Polyhymno alcimacha

Scientific classification
- Domain: Eukaryota
- Kingdom: Animalia
- Phylum: Arthropoda
- Class: Insecta
- Order: Lepidoptera
- Family: Gelechiidae
- Genus: Polyhymno
- Species: P. alcimacha
- Binomial name: Polyhymno alcimacha Meyrick, 1918

= Polyhymno alcimacha =

- Authority: Meyrick, 1918

Species of moth

Polyhymno alcimacha is a moth of the family Gelechiidae. It was described by Edward Meyrick in 1918. It is found in India, where it has been recorded from Coimbatore in the south and Assam.
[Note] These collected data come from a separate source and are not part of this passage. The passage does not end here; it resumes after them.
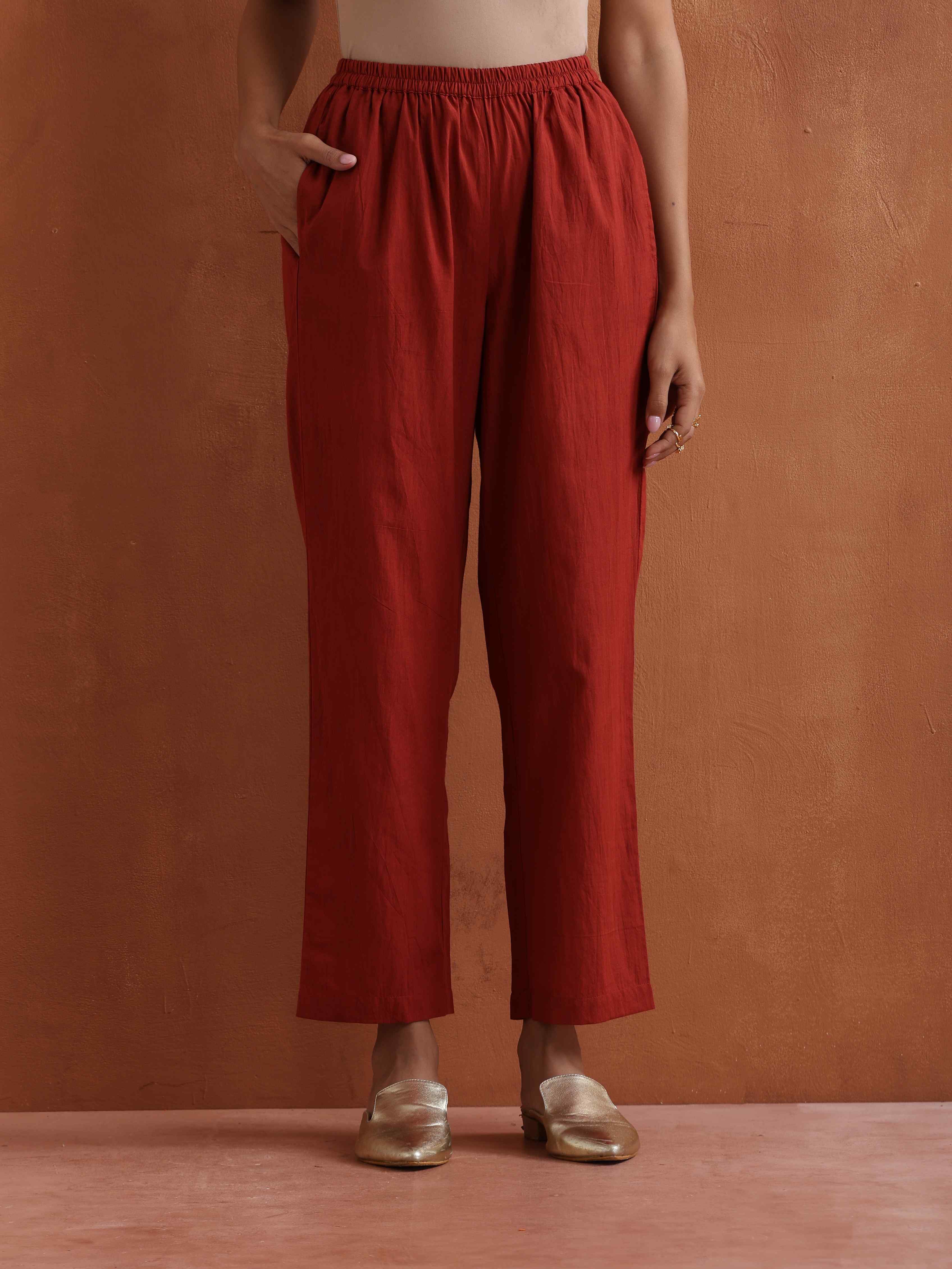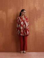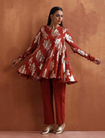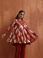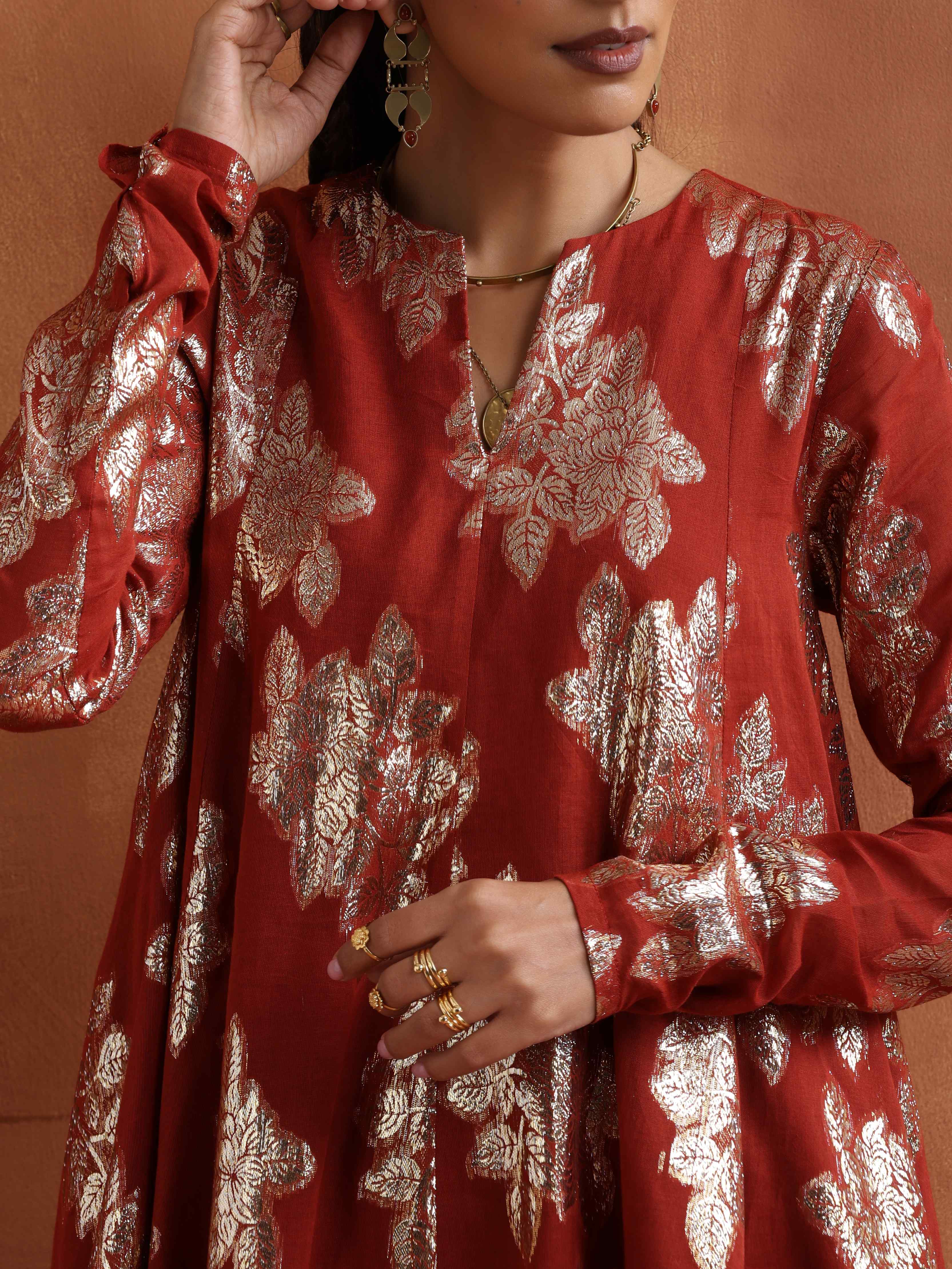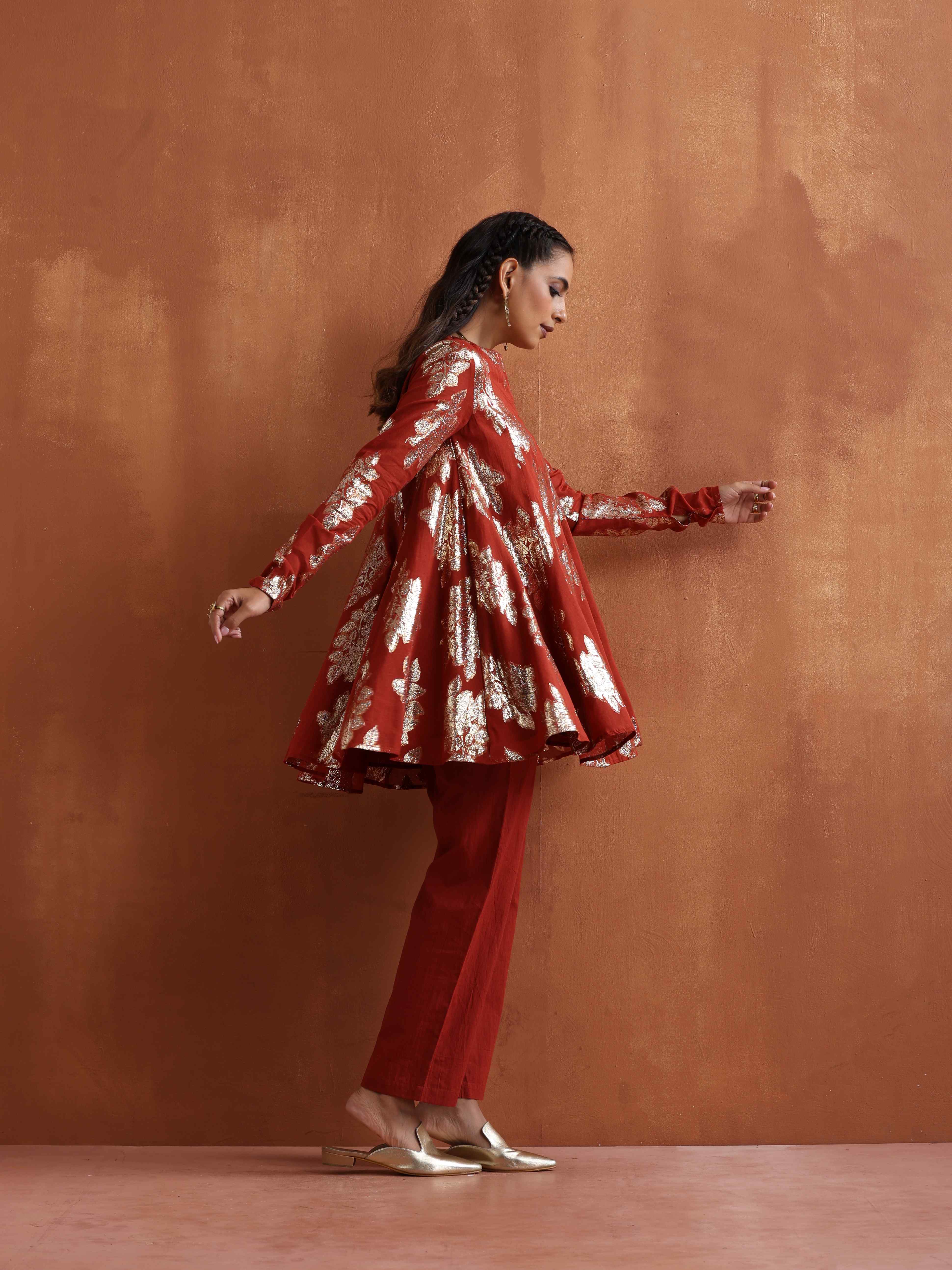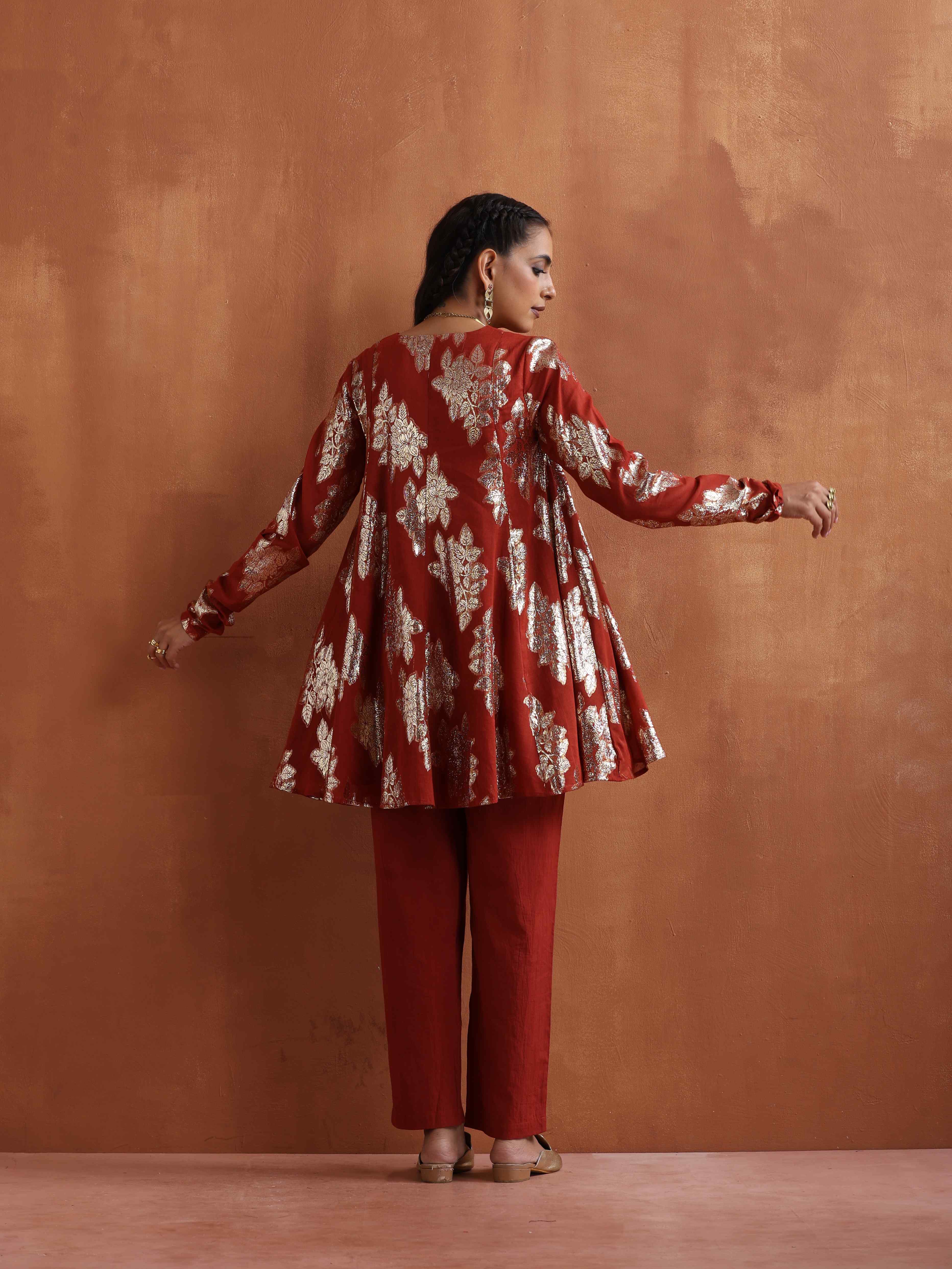 trueBrowns Rust Metallic Flared Anarkali Co-ord Set - 2XS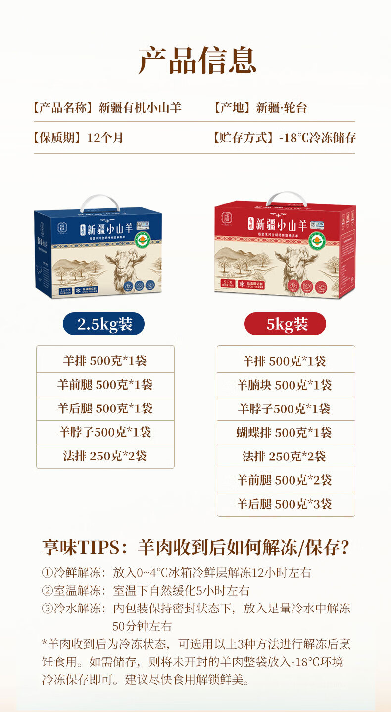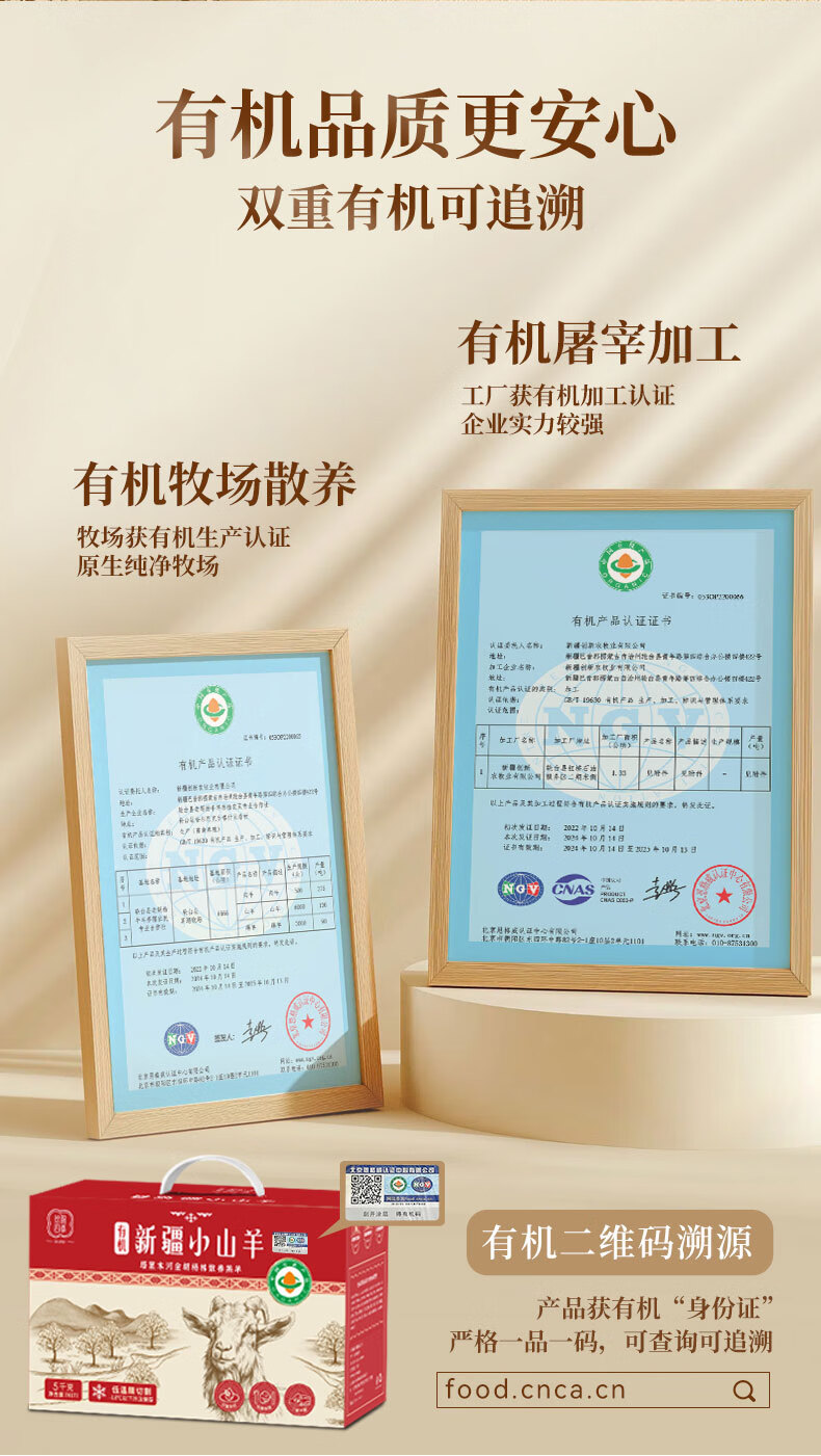丝路四季有机小山羊 冰碴驹俐 羊肉礼盒 新疆有机羊肉 有机认证 新疆冰碴驹俐礼盒装10斤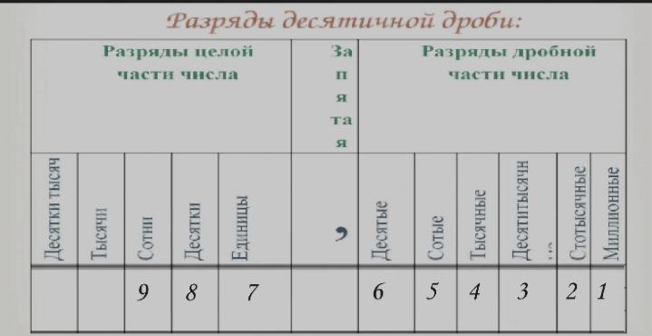дано число 987,654,321. Какая цифра записана в разряде, 1)сотых 2)десятых 3)тысячных 4)десятитысячных 5)стотысячных 6)миллионных с объяснением пж
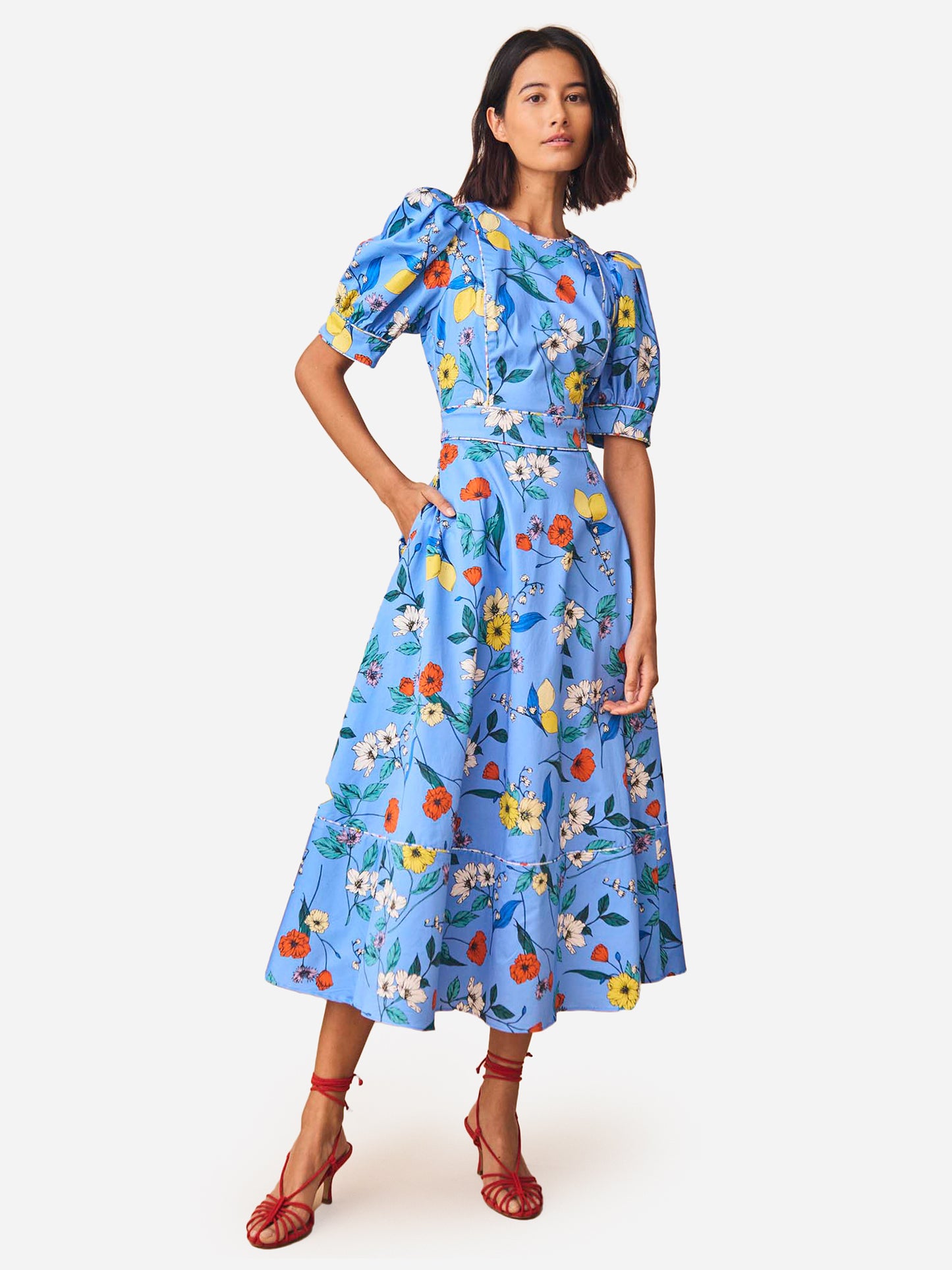A cotton-stretch midi dress with a fitted bodice, cinched waist, and colorful floral print with contrast piping.

The wingspan is 11–12 mm. The forewings are dark bronzy fuscous with a strong ochreous-white median streak from the base to five-sixths, attenuated to a point posteriorly and with an ochreous-white line along the costa from towards the base to before the middle, then very obliquely to beyond the apex of the median streak, where it is very acutely angulated inwards and joins an ochreous-white line running along the fold from before the middle of the wing to the tornus. The apex and termen are occupied by pale ochreous suffusion and there is an angulated leaden-metallic line from a white mark on costa at three-fourths, the lower half running along the termen. Beyond this is a white spot mostly in the cilia, preceded and followed by minute indistinct whitish strigulae. The hindwings are grey.